Douglas A. Hamilton, MetaStat’s President and Chief Executive Officer stated “Receiving these state licenses coupled with our recently announced positive analytical and clinical validation studies for the MetaSite Breast™ test are important steps towards commercialization.”
Results from a clinical study led by ECOG-ACRIN Cancer Research Group, presented at the 39th San Antonio Breast Cancer Symposium (SABCS) in December 2016, found the MetaSite Breast™ test was able to identify patients at greater risk of distant cancer metastasis who had low Oncotype DX Recurrence Score results. Results from a Kaiser Permanente Cohort Study demonstrated MetaSite Breast™ score was a statically significant predictor of distant metastasis and a binary cutpoint was able to discriminate high and low risk patient groups.
Mr. Hamilton continued “MetaStat plans to build on these positive data and evaluate MetaSite Breast™ in additional studies to demonstrate that it can add complementary prognostic information to multiparameter gene panel assays. Expanding our clinical state licenses is an exciting step forward.”

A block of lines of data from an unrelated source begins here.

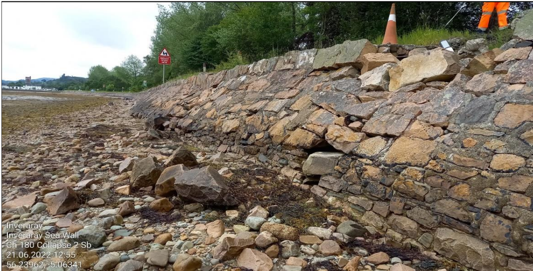
Ch.180 Wall collapse (No.2) - Looking North
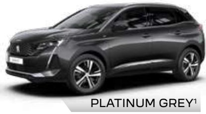
PLATINUM GREY 1
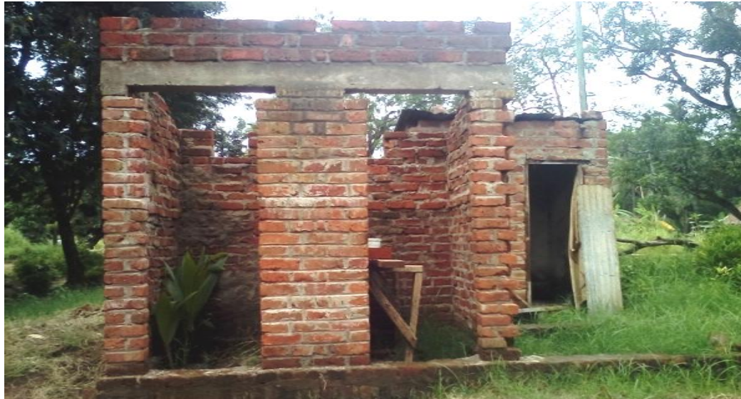
Figure 4.1: Toilet building at kiroka primary school

community members and it seems that members of the community contribute less to these projects. Furthermore the researcher through direct observation observed that toilet building and classes building were incomplete as the buildings have no roof, doors and wall plaster. Figure 4.1 and 4.2 reveals the situation.
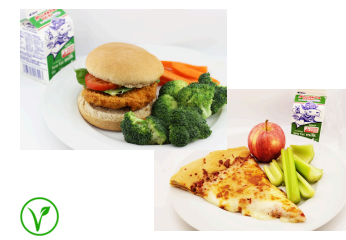
Chicken Sandwich, Vegetarian Chicken Sandwich, or WaveCrest Pizza
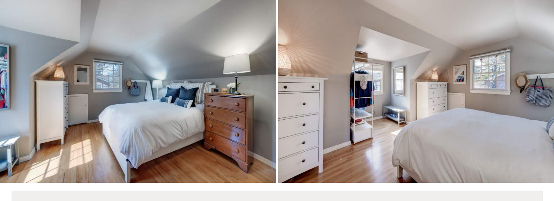
Take the elegant steps upstairs to find Bedrooms 1(Primary) and 2. The Primary Bedroom impresses with a cool gray hue, vaulted ceiling and plenty of sunlight. Bedroom 2 radiates with sunlight and soothing blue paint. A well-appointed Full Hall Bath rounds out the Second Level.
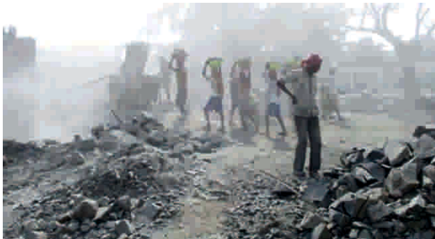
Stone quarry workers in Jharkhand
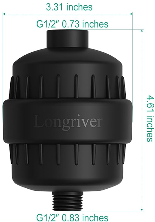
Image: The Longriver R7 Shower Filter is shown to be compatible with most standard showerhead types, including rain, fixed, and handheld models.
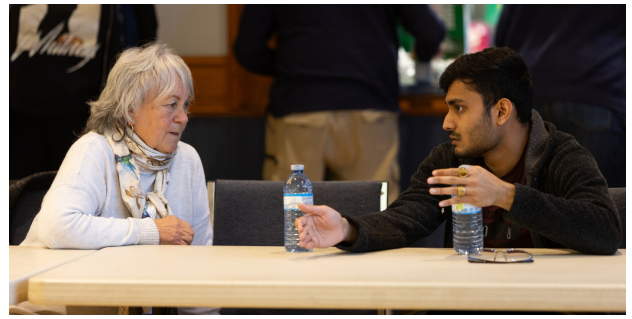
Photographer John Chan, The Exchange Workshops
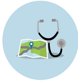
Find a Doctor
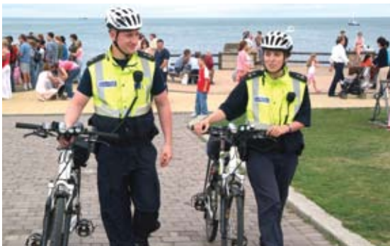
Good community policing practices are captured and disseminated to community policing teams throughout the country.

Throughout 2010, the National Crime Prevention Unit (NCPU) carried out research into best crime prevention and reduction practices and provided advice and support to the public. The unit was also involved with running two successful Garda Community Safety Weeks which were held in April and September.
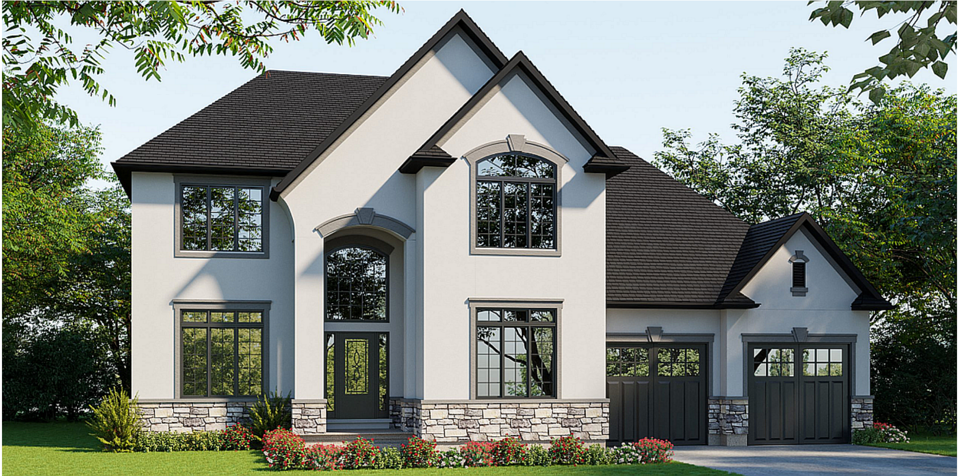
THE RICHMOND HILL
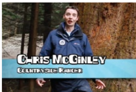
South Lanarkshire TV

"No matter how often you visit your wild place and think you know it, there is always something new to discover, almost as if I you're discovering it for a first time."
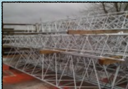
SAMAR, PHILIPPINES By the time that you are reading this, the new tower for 104.5 fm will be well on the way to its new home.
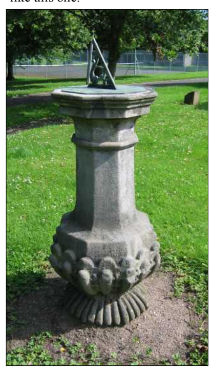
Figs 4 & 5. The horizontal sundial with the dial by John England.

It was probably made in the late 17<sup>th</sup> century, but it is unique since its modification in the 18<sup>th</sup> century by the addition of the globe base. Obelisk sundials are few and far between, only twenty-six known complete examples exist in Scotland, and there are no other obelisk sundials quite like this one.
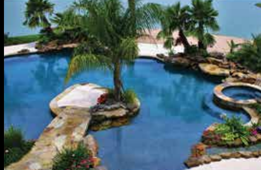
POOLS & SPAS
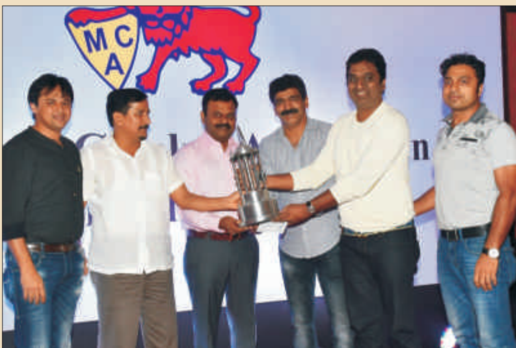
Winner of Kanga League 'E' Division 2015-16 – Goregaon Sports Club

CMS regulates all clinical laboratory testing at over 254,000 sites in U.S. through the Clinical Laboratory Improvement Amendments (CLIA) of 1988. This regulation was enacted to ensure consistent, accurate and reliable test results reporting from clinical laboratories across the country used for the diagnosis, treatment, and/or prognosis of disease in human subjects.
About MetaSite Breast™
The MetaSite Breast™ test is intended for use in patients with early stage invasive breast cancer who have node-negative or node-positive, Hormone Receptor (HR)-positive, HER2-negative disease. Clinical studies have demonstrated the MetaSite score (MS) is significantly associated with increased risk of cancer metastasis. MetaSite Breast™ is an analytically validated, fully automated digital pathology/image analysis assay that identifies Mena expressing tumor cells in direct contact with CD68+ perivascular macrophages and CD31+ endothelial cells (“MetaSites”). MetaSites have been shown to be the portal of entry for cancer cells into the blood stream contributing to the development of cancer metastasis. The MetaSite Breast™ assay is performed on standard formalin-fixed paraffin-embedded (FFPE) tissue and is clinically available through our CLIA-certified commercial laboratory located in Boston, MA.
About MetaStat, Inc.
MetaStat is focused on the development and commercialization of diagnostic tests that are prognostic for the risk of cancer metastasis, companion diagnostics to predict drug response, and anti-metastatic drugs. Our driver-based platform technology is based on the pivotal role of the Mena protein and its isoforms, a common pathway for the development of metastatic disease and drug resistance in epithelial-based solid tumors.
This press release contains "forward-looking statements" within the meaning of Section 27A of the Securities Act of 1933, as amended, and Section 21E of the Securities Exchange Act of 1934, as amended, and such forward-looking statements are made pursuant to the safe harbor provisions of the Private Securities Litigation Reform Act of 1995. You are cautioned that such statements are subject to a multitude of risks and uncertainties that could cause future circumstances, events or results to differ materially from those projected in the forward-looking statements as a result of various factors and other risks, including those set forth in the company's Form 10-K filed with the Securities and Exchange Commission. You should consider these factors in evaluating the forward-looking statements included herein, and not place undue reliance on such statements. The forward-looking statements in this release are made as of the date hereof and the company undertakes no obligation to update such statements.